The problem: I’m in a group that’s gotten together three or four times a year for 40 years. One of our friends talks nonstop every time we meet. The rest of us barely get in a word. We’re too polite to say, “Shut up!” but it’s getting to the point where I dread going. I don’t think she was like this when we were younger.
Low road: Forget to invite her to your next gathering. Oops.
High road: Most of us have dealt with a too-talky spouse, friend, relative or neighbor. Such one-sided conversations can leave us feeling exhausted and used. Next time, I’ll stay home and send a tape recorder instead!
But, you say you don’t think she was like this when you were younger. This signals some kind of shift in her life.
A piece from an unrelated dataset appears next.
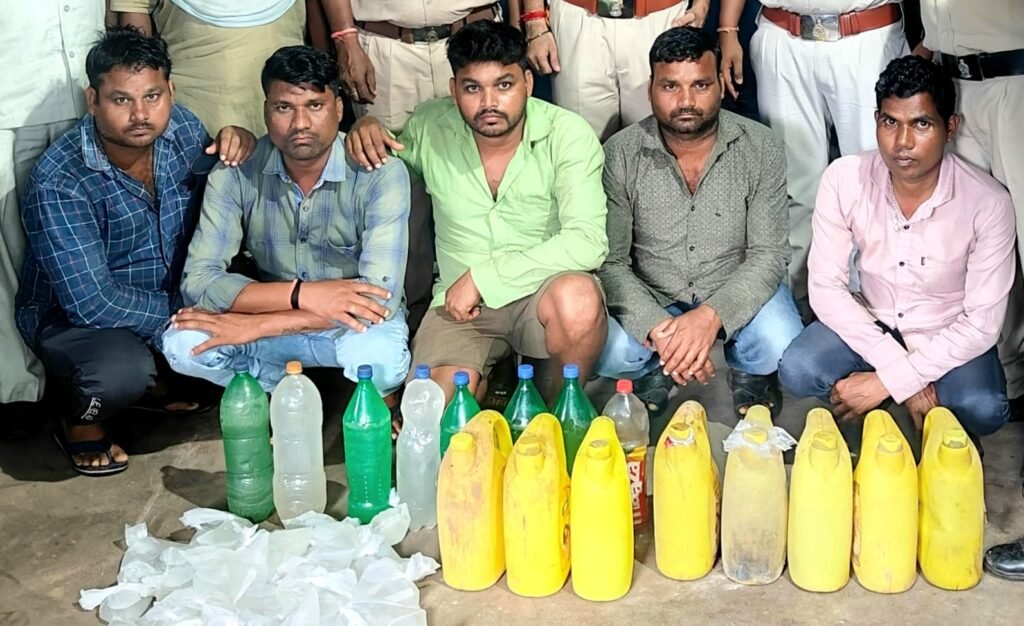 आबकारी विभाग सक्ती की संयुक्त टीम ने पकड़ी 76 लीटर महुआ शराब, 5 आरोपी गिरफ्तार ..

The most obvious is that, as we age, our support system shrinks, which means fewer people to hear our stories over and over. Maybe she’s experiencing a health issue, such as anxiety, or a change in sleep, diet or medications. As tempting as it is to boot her out, I hope you won’t. She sounds lonely, and as if she’s in need of an old friend’s generosity of spirit.
That doesn’t mean she gets to suck all the air out of the room. It does mean someone (read: you) needs to proactively cut in with the skill of an Academy Awards orchestra. Whatever her topic, give her two minutes, then leap in. “Your grandson is already in kindergarten? Can’t believe it! Say, Sharon, how are your grandkids? And, Millie, didn’t you say you were about to go visit your kids Out West?” She’ll get the message eventually.
If she doesn’t, please suggest that another friend buy her coffee, one on one, and gently tell her, “You seem to really need to talk these days. Is everything OK?”